Read Four Ducks on a Pond Online
Authors: Annabel Carothers
I have said that Corrie and the goats were flourishing, so it is only fair to mention that I, too, was putting on a considerable amount of weight. Young rabbits are very tasty, and comparatively
easy to catch, and if at times I ate rather more than was good for my figure, well, you can hardly blame me. Besides, at this time of year there were a few rather attractive young tabbies that I
had my eye on, and even though, without wishing to be thought conceited, I knew I was the best catch in the south of Mull, I knew too that there would be certain toms who would be anxious to
contest me. So I needed my strength for my romantic future, with long distances to travel and with a fight to face before victorious return.
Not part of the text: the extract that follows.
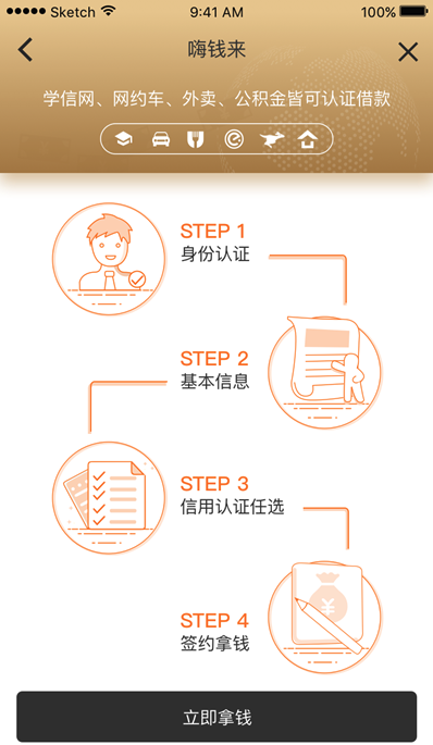 1、登录嗨钱网app—选择贷款—低息贷款—获取资金—嗨钱来;
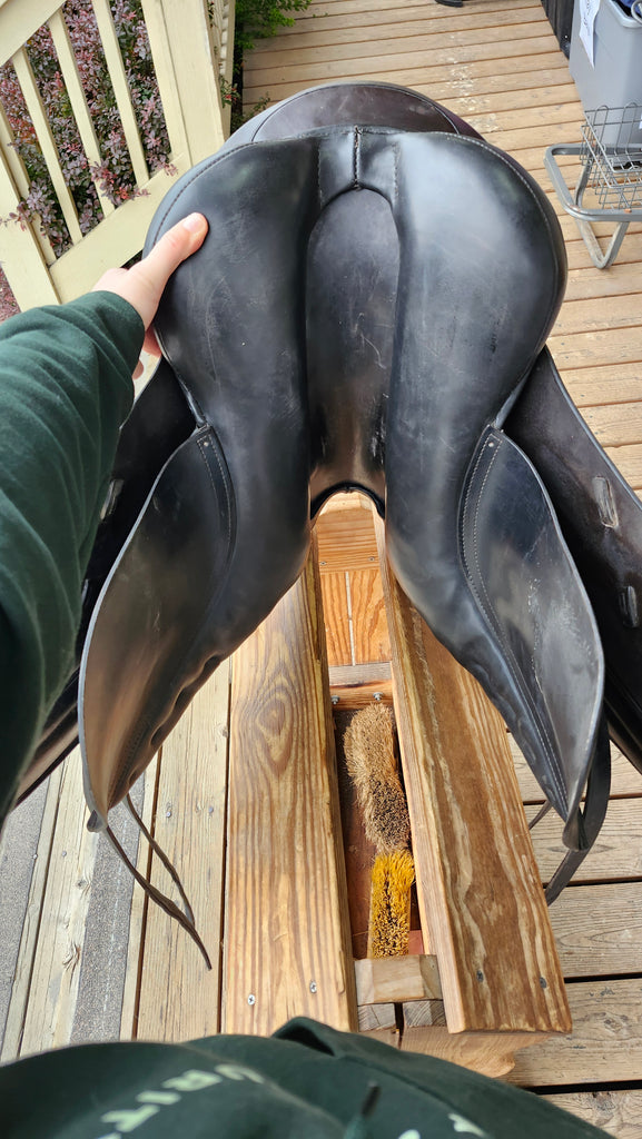 This a used 17.5" Albion Legand 500 Dressage Saddle, in very good condition. This saddle features long flaps and a high pomel.

In the house a great deal of packing was going on. Fionna’s trunk was being got ready for her return to school, and this meant checking through long lists of clothing which she had to take
back with her, while Puddy and Kitten, and indeed all the family, grumbled about the petty regulations which schools impose upon one. Fionna had little to do with this preparation of her
possessions, preferring to cycle round the country, armed with a pencil and notebook in which she recorded the habits of birds. This is a veritable paradise for a birdwatcher, and I should know,
for I’ve done long hours of it myself, though not with the intention of recording my observations. And if you think that my thoughts were focused on the tasty meal this or that bird might
provide, you are not far wrong, though I’ve said it before and I say it again – the family love the birds so I leave them alone. I’m an affectionate cat and I like to please.
It was not only Fionna who was packing. Margie was so much better now that she was going back to London, and she would soon be working again at the film studio near the pet-shop where first I
met my family. I often climbed on her knee and rubbed myself against her and tried to make her understand that there were messages I wanted to send to my old friends in Ealing. But it was no good.
She tickled my ears and said endearing things to me, but of the things I was telling her she had no idea. So I gave up and went to see Corrie, to tell her more stories about London, of which she
never tired.
Corrie had a great ambition to visit London, and her dream was that one day she would take part in the Horse of the Year Show, and would parade in the very same arena that rang with applause for
Foxhunter and Tosca and Winston-the-Horse-the-Queen-rides. But in Corrie’s dream, the chief applause would be for Corrieshellach, and the band would play ‘The Road to the Isles’
as she marched proudly under the spotlight, her silver mane flowing and her silver tail skimming the ground with almost nothing to spare. For it would be Corrie’s beauty that would win her a
place in that parade, and beauty in a Highland pony means that very long, flowing tail and other virtues besides. All of which Corrie possess a hundredfold.
The third lot of packing was being done by John, whenever he wasn’t digging ditches or repairing fences or doing his Russian dance and asking for
FOOD
. John’s
packing meant digging through luggage in an outhouse, and scattering all manner of strange objects around the backyard. There were long black tin trunks, which he called his uniform cases, and
there was a canvas hold-all for bedding, and a camp basin and a mosquito whisk. This latter he said he wouldn’t need in Stirling.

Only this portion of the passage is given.